第5章 【五条悟】勿忘草の悪魔 II**


「……ここ、なんの部屋だろ」



リビングや寝室、バスルームには自由に出入りしているけれど、この奥の部屋だけは入ったことがない。
いつもドアが閉ざされていて、五条さんが出入りしているところも、見たことがなかった。


物置かな?
せっかくだし、ここも掃除しておこうかな。


私は深く考えないまま、そのドアノブに手を伸ばした。
ノブを回そうとした――その瞬間。



「――何してるの」

「ひゃっ!?」



振り返ると、そこには、出かけていたはずの五条さんが立っていた。



「ご、五条さん……っ、お仕事に行ったんじゃ……」

「スマホ忘れてね」



目隠しのせいで表情の全部は見えない。
それなのに、今の五条さんが笑っていないことだけは、はっきりわかった。



「あ、あの……お掃除、しようかと……」



私が震える声でそう言うと、五条さんは無言のまま私の手首を掴み、ドアノブから引き離した。



「……」

「は、はい……」

「そこは掃除しなくていいから」

「……っ、ごめんなさい」



はっきりとは言わなかったけど。
この部屋には入るなと言っていることが、どんなに鈍い私でもわかる。


それから五条さんは、何事もなかったみたいにいつもの軽い空気を纏って、私の頭をぽんぽんと撫でた。

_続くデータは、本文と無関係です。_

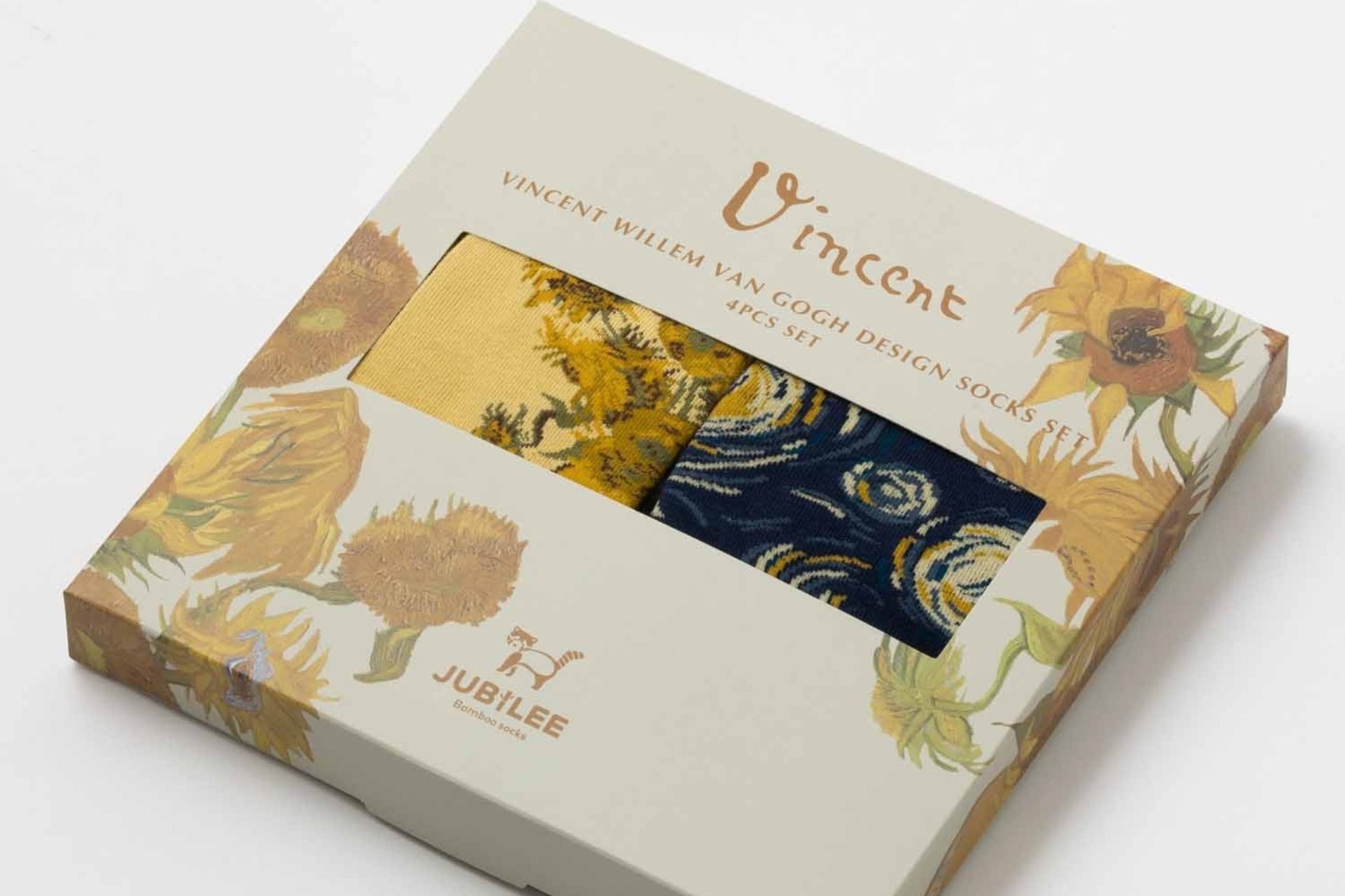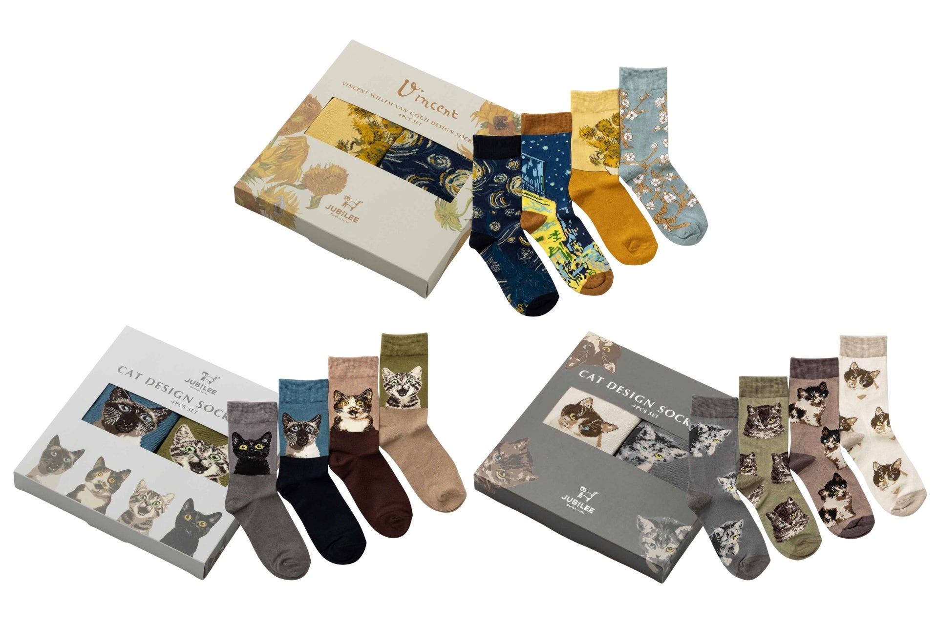 ゴッホの名作や表情豊かな子猫が愛らしい、ソックス4点ギフトBOXに新柄追加。

「そうだ。の好きなプリン、冷蔵庫に入ってるから。おやつに食べて」

「あ、ありがとうございます……」

「じゃ、僕は行くね。戸締まりしっかりねー」



ひらひらと手を振りながら、五条さんは玄関へと向かっていった。
パタン、とドアが閉まる音が響く。


残された私は、五条さんに掴まれた手首を押さえ、目の前にある部屋を見つめた。


(……この部屋には、一体何があるの)


どうしてこんなに、胸がぎゅっと締め付けられるみたいに痛いんだろう。


私がどんなに失敗しても、恥ずかしいところを見られても、呆れながら笑ってくれていた五条さん。

その優しさに、私はいつの間にか甘えていたのかもしれない。
何をしても許されていると、どこかで思っていた。


五条さんには、絶対に私を立ち入らせない『聖域』がある。
そのことを、今日初めて知った。